Work item
Leave the pictures out. Return all other data exactly.

Entries provided
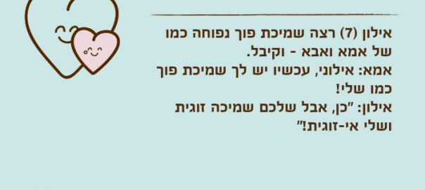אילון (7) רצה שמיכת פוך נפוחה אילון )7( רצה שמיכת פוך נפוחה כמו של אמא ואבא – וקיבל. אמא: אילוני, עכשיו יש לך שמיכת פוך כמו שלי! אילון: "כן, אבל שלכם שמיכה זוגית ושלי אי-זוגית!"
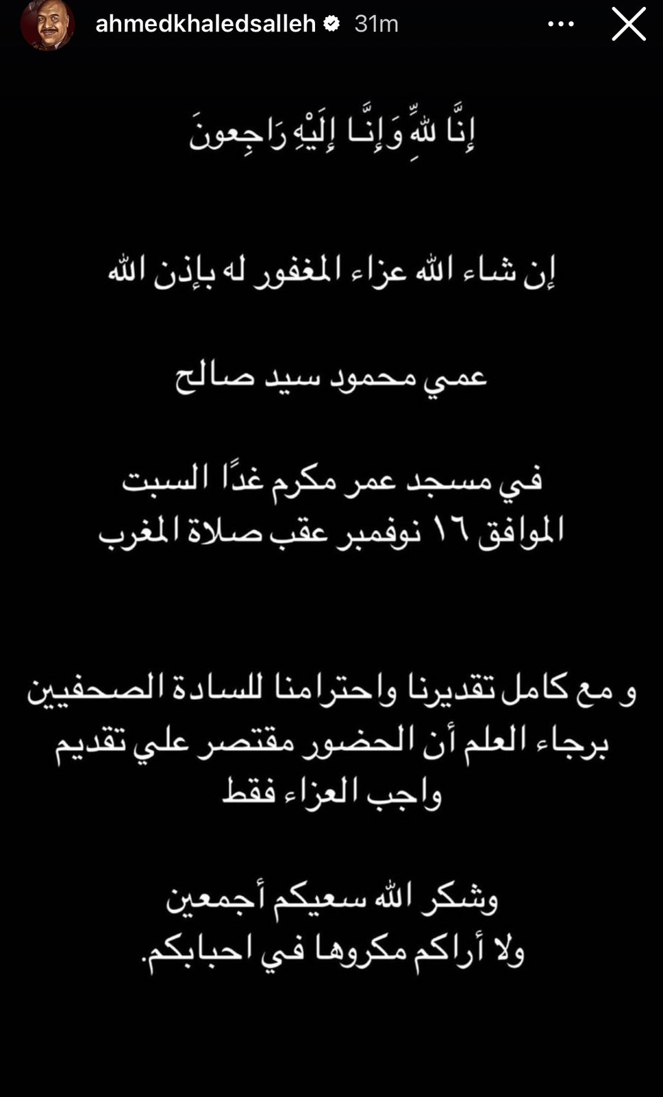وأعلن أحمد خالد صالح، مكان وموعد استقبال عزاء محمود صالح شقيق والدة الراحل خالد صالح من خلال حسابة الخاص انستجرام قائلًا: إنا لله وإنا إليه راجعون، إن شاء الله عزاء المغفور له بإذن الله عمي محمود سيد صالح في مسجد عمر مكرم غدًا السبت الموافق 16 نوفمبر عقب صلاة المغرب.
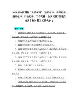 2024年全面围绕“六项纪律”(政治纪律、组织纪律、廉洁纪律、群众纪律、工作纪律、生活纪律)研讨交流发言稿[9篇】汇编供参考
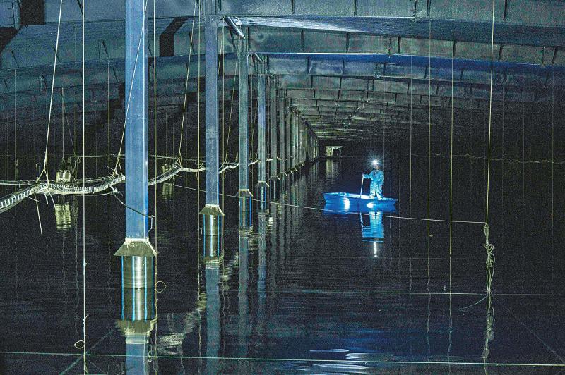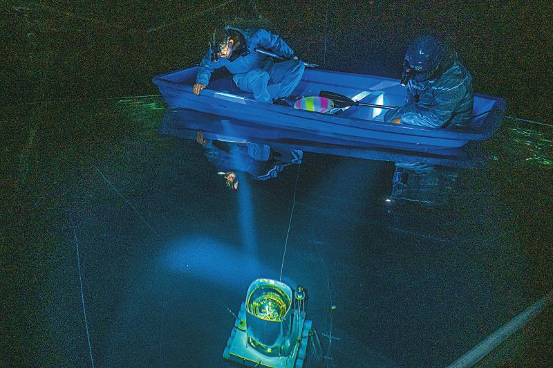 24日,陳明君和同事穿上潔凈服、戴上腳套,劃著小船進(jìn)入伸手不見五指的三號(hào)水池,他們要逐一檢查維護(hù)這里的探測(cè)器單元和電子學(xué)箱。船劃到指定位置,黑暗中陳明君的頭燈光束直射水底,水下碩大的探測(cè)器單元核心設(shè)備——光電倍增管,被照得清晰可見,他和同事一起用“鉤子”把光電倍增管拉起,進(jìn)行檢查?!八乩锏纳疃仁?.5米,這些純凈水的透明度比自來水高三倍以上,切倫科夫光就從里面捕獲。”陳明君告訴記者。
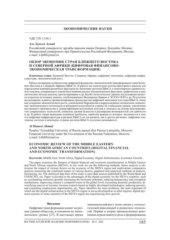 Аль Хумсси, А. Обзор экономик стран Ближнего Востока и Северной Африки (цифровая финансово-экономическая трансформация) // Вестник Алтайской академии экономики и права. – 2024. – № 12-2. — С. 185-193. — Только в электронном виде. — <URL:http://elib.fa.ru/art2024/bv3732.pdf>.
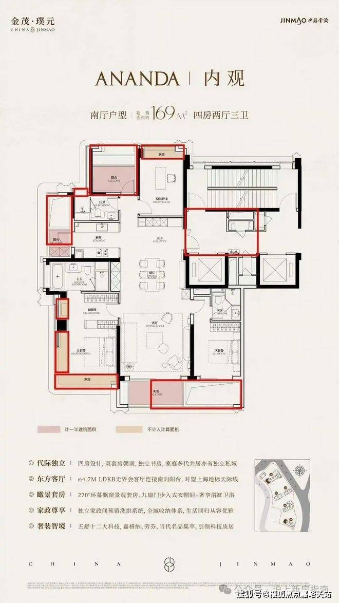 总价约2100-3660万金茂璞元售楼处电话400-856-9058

Solution to this task
אילון (7) רצה שמיכת פוך נפוחה אילון )7( רצה שמיכת פוך נפוחה כמו של אמא ואבא – וקיבל. אמא: אילוני, עכשיו יש לך שמיכת פוך כמו שלי! אילון: "כן, אבל שלכם שמיכה זוגית ושלי אי-זוגית!"
وأعلن أحمد خالد صالح، مكان وموعد استقبال عزاء محمود صالح شقيق والدة الراحل خالد صالح من خلال حسابة الخاص انستجرام قائلًا: إنا لله وإنا إليه راجعون، إن شاء الله عزاء المغفور له بإذن الله عمي محمود سيد صالح في مسجد عمر مكرم غدًا السبت الموافق 16 نوفمبر عقب صلاة المغرب.
 2024年全面围绕“六项纪律”(政治纪律、组织纪律、廉洁纪律、群众纪律、工作纪律、生活纪律)研讨交流发言稿[9篇】汇编供参考
 24日,陳明君和同事穿上潔凈服、戴上腳套,劃著小船進(jìn)入伸手不見五指的三號(hào)水池,他們要逐一檢查維護(hù)這里的探測(cè)器單元和電子學(xué)箱。船劃到指定位置,黑暗中陳明君的頭燈光束直射水底,水下碩大的探測(cè)器單元核心設(shè)備——光電倍增管,被照得清晰可見,他和同事一起用“鉤子”把光電倍增管拉起,進(jìn)行檢查?!八乩锏纳疃仁?.5米,這些純凈水的透明度比自來水高三倍以上,切倫科夫光就從里面捕獲。”陳明君告訴記者。
 Аль Хумсси, А. Обзор экономик стран Ближнего Востока и Северной Африки (цифровая финансово-экономическая трансформация) // Вестник Алтайской академии экономики и права. – 2024. – № 12-2. — С. 185-193. — Только в электронном виде. — <URL:http://elib.fa.ru/art2024/bv3732.pdf>.
 总价约2100-3660万金茂璞元售楼处电话400-856-9058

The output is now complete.